Is Crypto a Decentralized Pyramid Scheme?
Crypto Basics

Is Crypto a Decentralized Pyramid Scheme?

Created 8mo ago, last updated 7mo ago

An asset that has no intrinsic value and is operating on the basis of faith alone. No, not the US Dollar! We are talking about cryptocurrencies here. Is it a pyramid scheme?
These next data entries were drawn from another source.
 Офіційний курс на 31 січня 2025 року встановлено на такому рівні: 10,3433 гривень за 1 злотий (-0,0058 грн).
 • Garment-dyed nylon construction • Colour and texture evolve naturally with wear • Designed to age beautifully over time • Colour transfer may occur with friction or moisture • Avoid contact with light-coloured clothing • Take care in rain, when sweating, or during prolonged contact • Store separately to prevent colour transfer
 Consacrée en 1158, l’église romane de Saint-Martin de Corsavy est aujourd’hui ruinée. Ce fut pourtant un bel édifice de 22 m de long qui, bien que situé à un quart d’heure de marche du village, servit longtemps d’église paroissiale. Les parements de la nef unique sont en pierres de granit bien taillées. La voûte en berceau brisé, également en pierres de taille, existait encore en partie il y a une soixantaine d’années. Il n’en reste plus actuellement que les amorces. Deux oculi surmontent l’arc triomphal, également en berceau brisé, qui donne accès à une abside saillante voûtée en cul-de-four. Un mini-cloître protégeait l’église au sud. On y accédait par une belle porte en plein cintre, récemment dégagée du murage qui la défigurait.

Read more!

Is Crypto a Decentralized Pyramid Scheme?

Table of Contents

Critics might phrase it in different ways, throwing terms like “Ponzi”, scam, and “greater fool theory” around and of course (if you were here for the 2017 bull run and painful bear market in 2018), making that worn-out “tulip mania” comparison.

The intent is always the same: to debunk the rise of crypto as a misguided fluke at best, or a long con at worst that threatens the global financial system and hegemony of the US dollar.
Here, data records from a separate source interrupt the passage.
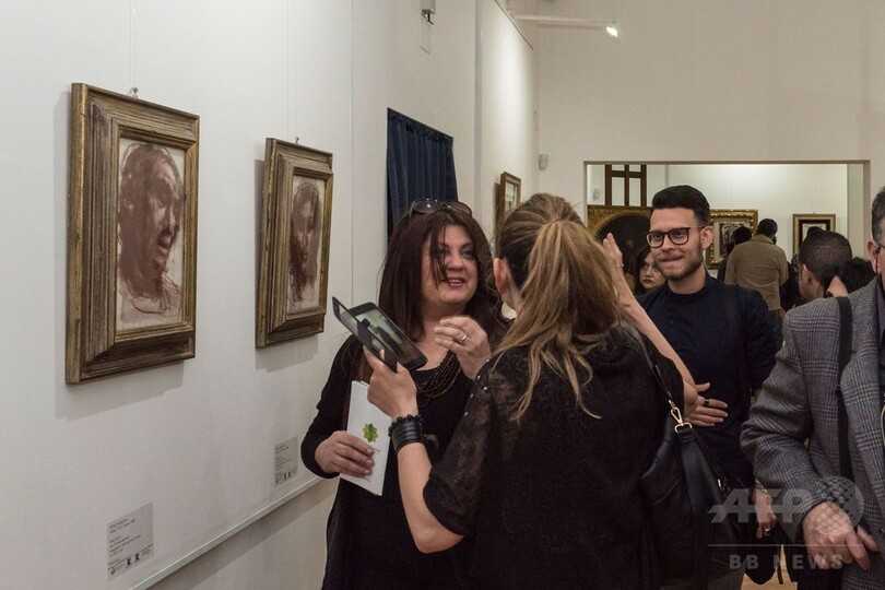 展示された約100点の絵画は、カラブリア州を拠点とする犯罪組織「ヌドランゲタ(Ndrangheta)」のボスが所有し、その後裁判所に押収されたもの。スペイン出身の巨匠サルバドール・ダリ(Salvador Dali)の作品2点も含まれているという。(c)AFP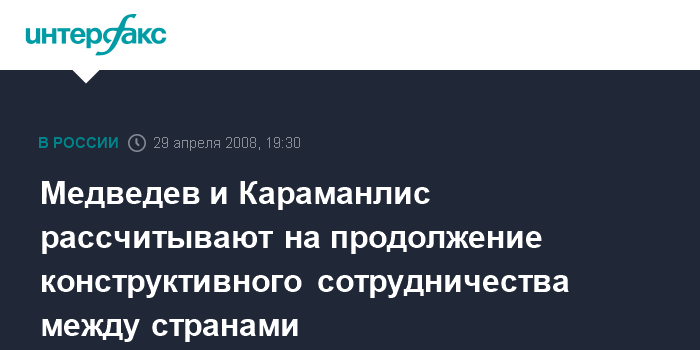 Москва. 29 апреля. ИНТЕРФАКС - Избранный президент России Дмитрий Медведев и премьер-министр Греции Константинос Караманлис выражают надежду на продолжение стратегического партнерства двух стран.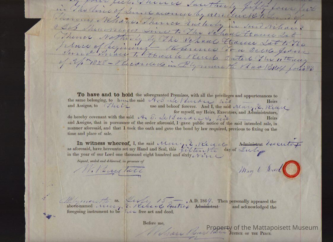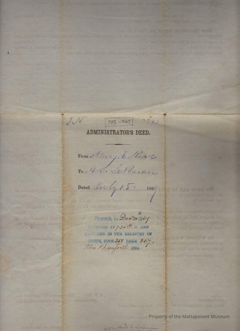 Mary E. Read of New Bedford, executrix of the late Hosea Read to Albert S. LeBaron, lot and house known as “Hosea Read House Lot” in Mattapoisett Village for $175..Collection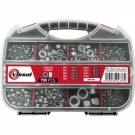 Composée de 700 écrous frein acier zingué : - Ø 3 mm (100 pièces), - Ø 4 mm (100 pièces), - Ø 5 mm (100 pièces), - Ø 6 mm (200 pièces), - Ø ...

For as long as Bitcoin has had any significant value, and more so in times of turmoil, where nose-diving prices periodically make the empire resemble a teetering house of cards instead of an all-conquering empire built by a battle-hardened 300-esque horde of diamond hand Spartans and Amazonians, the same old question inevitably rears its FUDly head again:
There is certainly no shortage of traditional finance detractors ready to weigh in with an unequivocal “Yes!”, despite those recent quirky Superbowl ads.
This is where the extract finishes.